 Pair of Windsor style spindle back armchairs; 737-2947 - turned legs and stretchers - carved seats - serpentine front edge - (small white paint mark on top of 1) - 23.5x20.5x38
---
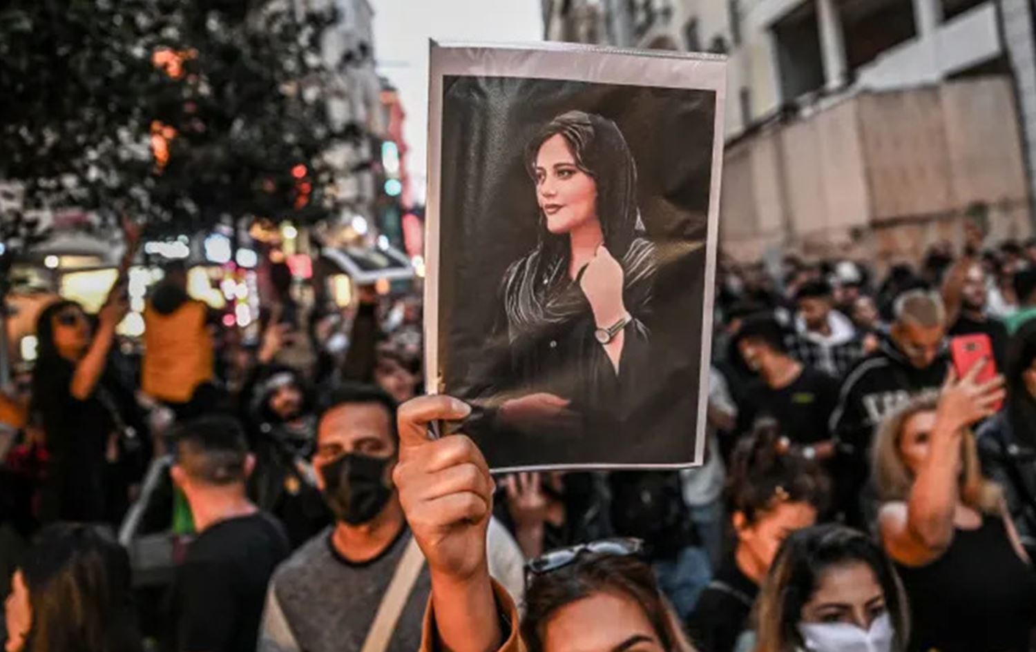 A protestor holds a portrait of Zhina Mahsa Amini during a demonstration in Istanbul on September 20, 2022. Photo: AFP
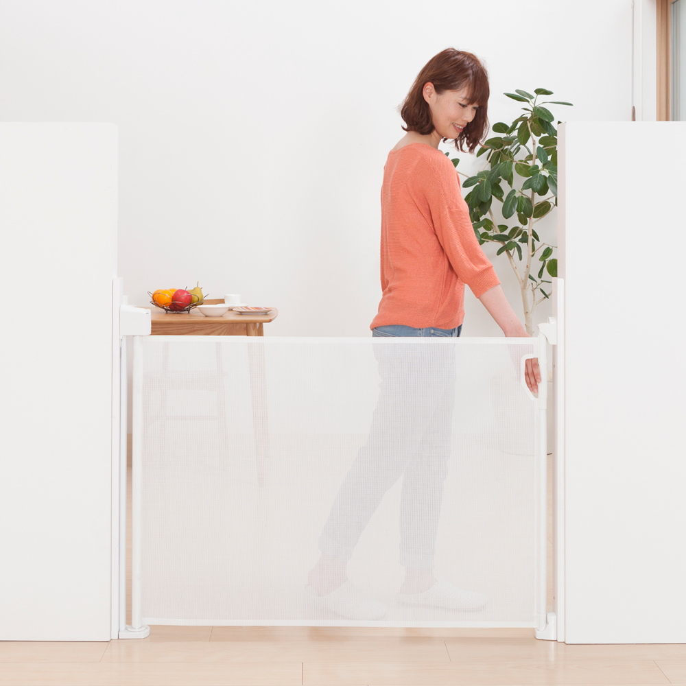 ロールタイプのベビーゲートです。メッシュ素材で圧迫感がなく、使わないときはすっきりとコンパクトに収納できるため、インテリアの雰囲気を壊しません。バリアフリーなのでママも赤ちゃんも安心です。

▶ _Required work_: Start at the line containing "A protestor holds" above and stop at the line containing "ロールタイプのベビーゲートで". Output those lines exactly, both included, but none of the pictures.

▶ _Your response_:
 A protestor holds a portrait of Zhina Mahsa Amini during a demonstration in Istanbul on September 20, 2022. Photo: AFP
 ロールタイプのベビーゲートです。メッシュ素材で圧迫感がなく、使わないときはすっきりとコンパクトに収納できるため、インテリアの雰囲気を壊しません。バリアフリーなのでママも赤ちゃんも安心です。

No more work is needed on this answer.